Stored records:

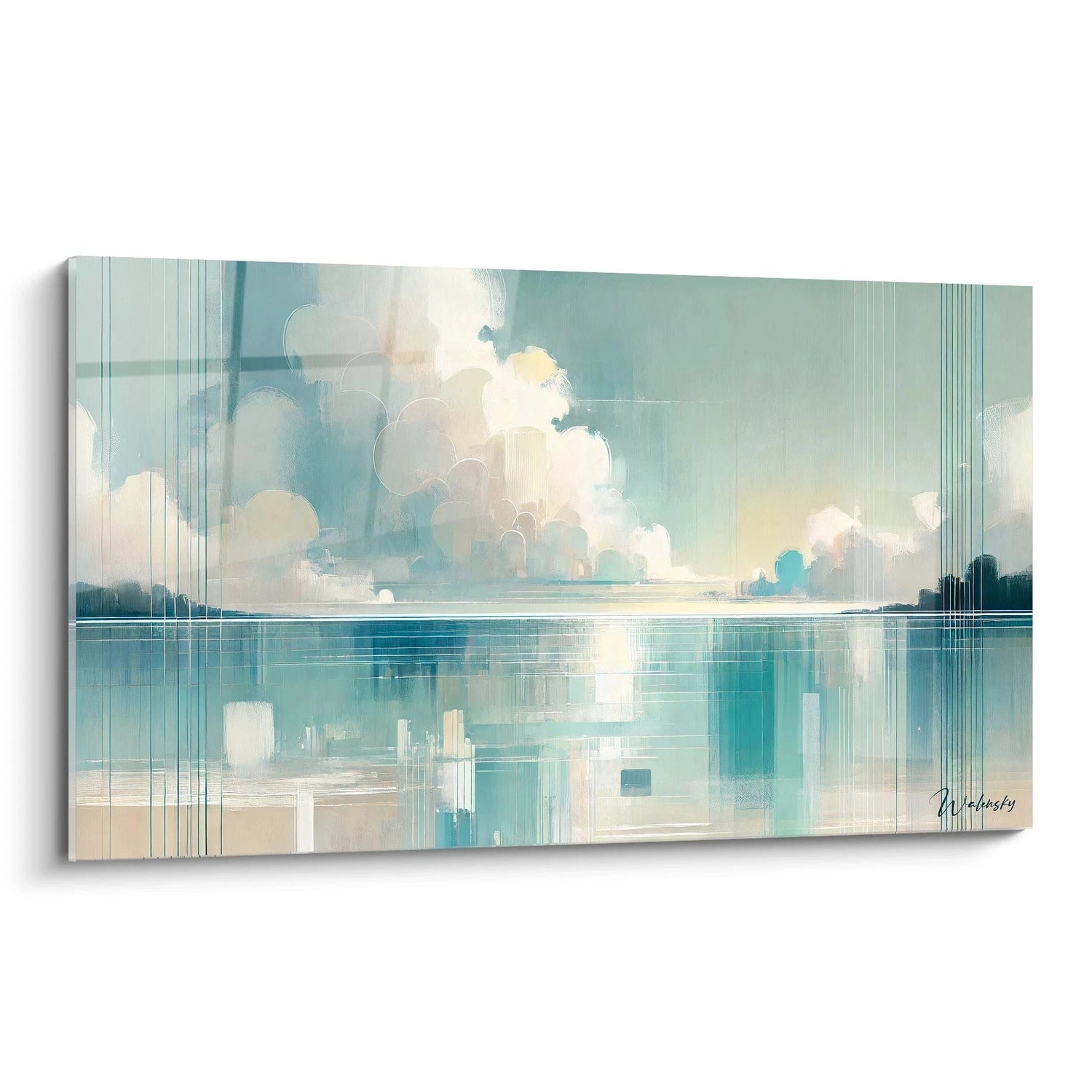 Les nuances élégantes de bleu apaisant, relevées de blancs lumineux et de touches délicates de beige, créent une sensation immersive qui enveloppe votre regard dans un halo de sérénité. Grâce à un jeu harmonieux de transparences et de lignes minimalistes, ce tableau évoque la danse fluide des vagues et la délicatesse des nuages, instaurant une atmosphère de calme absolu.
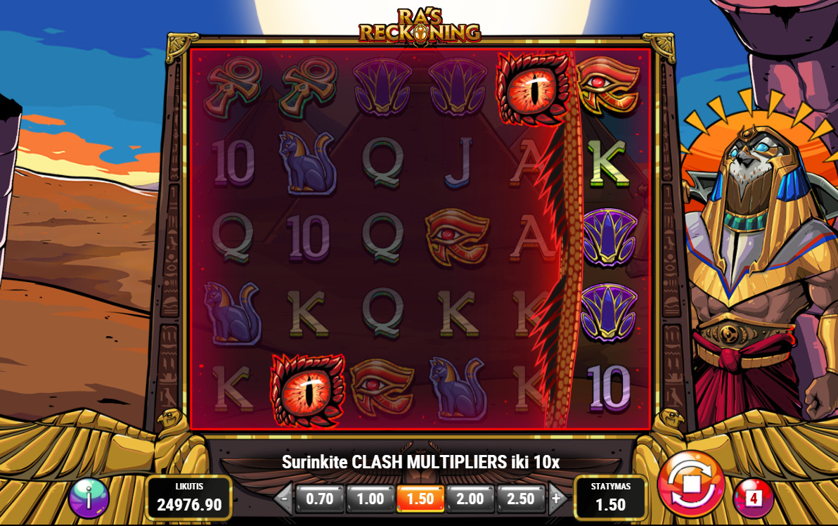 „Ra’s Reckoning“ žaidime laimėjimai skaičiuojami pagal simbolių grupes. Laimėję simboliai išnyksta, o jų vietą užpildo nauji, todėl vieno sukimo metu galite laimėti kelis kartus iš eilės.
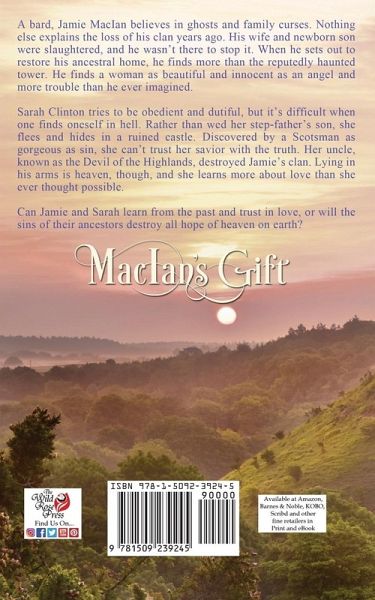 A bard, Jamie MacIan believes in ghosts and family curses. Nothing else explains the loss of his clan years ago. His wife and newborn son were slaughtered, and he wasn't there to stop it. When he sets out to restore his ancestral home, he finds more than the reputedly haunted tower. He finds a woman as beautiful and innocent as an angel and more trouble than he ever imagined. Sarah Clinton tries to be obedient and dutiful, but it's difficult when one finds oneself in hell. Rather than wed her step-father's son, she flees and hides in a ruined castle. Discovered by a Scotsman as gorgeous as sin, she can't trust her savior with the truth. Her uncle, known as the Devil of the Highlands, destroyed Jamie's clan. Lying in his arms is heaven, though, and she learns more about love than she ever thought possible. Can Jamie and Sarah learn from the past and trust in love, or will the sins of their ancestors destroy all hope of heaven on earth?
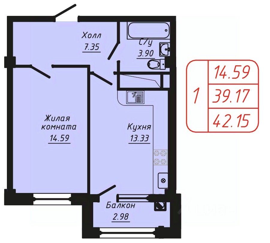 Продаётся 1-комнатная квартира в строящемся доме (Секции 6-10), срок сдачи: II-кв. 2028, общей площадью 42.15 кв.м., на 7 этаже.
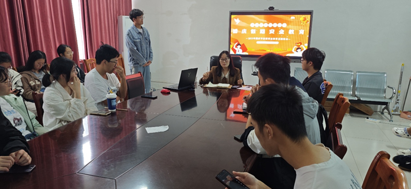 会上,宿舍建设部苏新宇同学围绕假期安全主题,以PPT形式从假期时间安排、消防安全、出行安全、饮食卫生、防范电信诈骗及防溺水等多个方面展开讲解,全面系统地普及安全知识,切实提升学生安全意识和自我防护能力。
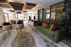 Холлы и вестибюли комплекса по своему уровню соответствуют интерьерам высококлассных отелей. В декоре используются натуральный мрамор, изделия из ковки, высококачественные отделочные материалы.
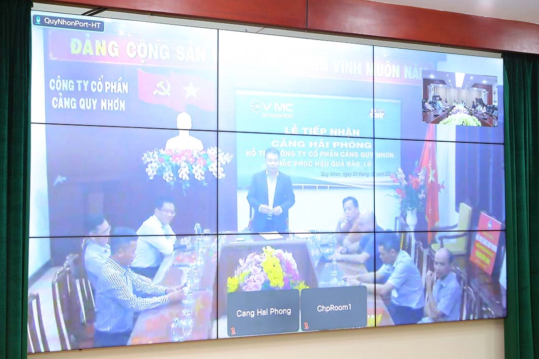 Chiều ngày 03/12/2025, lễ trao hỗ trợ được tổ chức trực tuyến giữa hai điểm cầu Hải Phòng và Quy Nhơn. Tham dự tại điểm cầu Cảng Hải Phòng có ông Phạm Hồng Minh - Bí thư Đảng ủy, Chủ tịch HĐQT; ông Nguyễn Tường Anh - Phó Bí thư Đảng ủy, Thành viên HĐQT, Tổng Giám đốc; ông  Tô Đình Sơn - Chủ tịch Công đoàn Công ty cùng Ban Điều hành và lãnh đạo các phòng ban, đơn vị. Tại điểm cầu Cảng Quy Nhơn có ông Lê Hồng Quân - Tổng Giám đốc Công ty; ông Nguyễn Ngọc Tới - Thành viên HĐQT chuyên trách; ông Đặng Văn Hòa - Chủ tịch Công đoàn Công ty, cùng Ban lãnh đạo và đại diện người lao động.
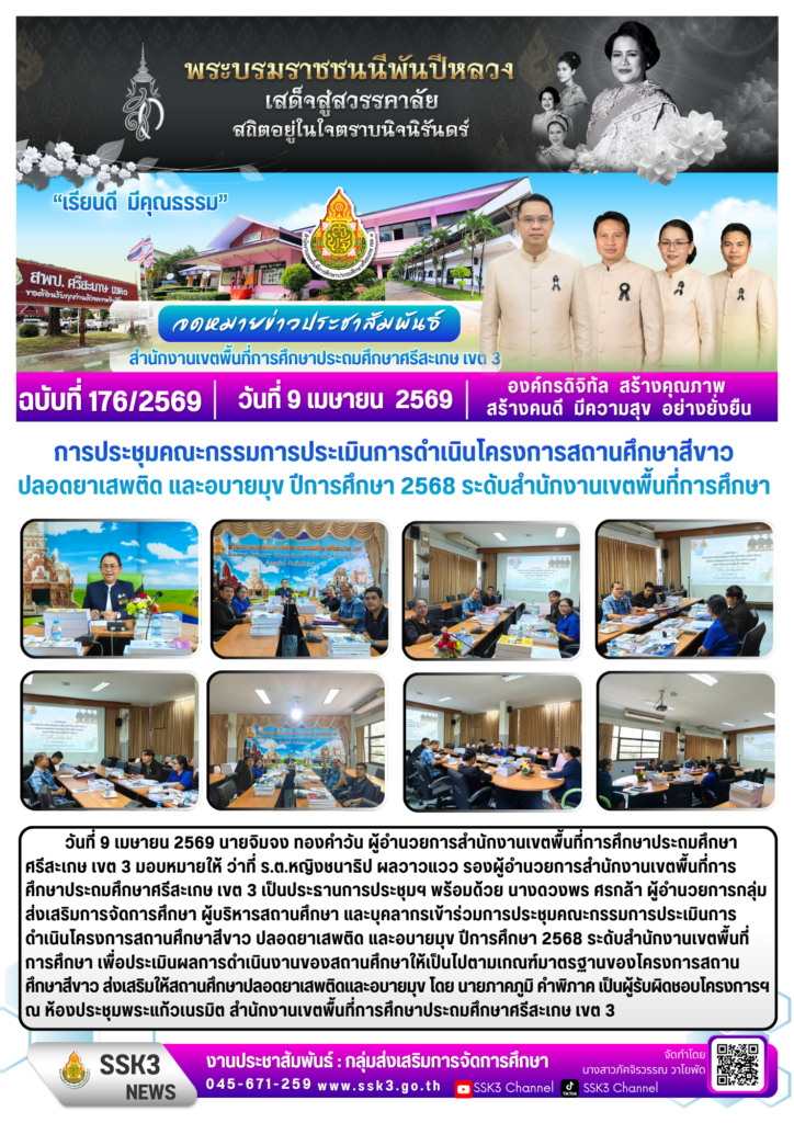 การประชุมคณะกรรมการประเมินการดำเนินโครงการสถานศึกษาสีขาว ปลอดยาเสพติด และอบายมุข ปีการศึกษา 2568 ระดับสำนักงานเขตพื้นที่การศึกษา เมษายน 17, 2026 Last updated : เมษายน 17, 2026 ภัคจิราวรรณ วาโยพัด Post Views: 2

### Task objective
Would you reproduce, exactly and with nothing added, every line from the beginning of the entries above through the line that contains "kartus iš eilės.", both included, leaving out the pictures?

### Reply
 Les nuances élégantes de bleu apaisant, relevées de blancs lumineux et de touches délicates de beige, créent une sensation immersive qui enveloppe votre regard dans un halo de sérénité. Grâce à un jeu harmonieux de transparences et de lignes minimalistes, ce tableau évoque la danse fluide des vagues et la délicatesse des nuages, instaurant une atmosphère de calme absolu.
 „Ra’s Reckoning“ žaidime laimėjimai skaičiuojami pagal simbolių grupes. Laimėję simboliai išnyksta, o jų vietą užpildo nauji, todėl vieno sukimo metu galite laimėti kelis kartus iš eilės.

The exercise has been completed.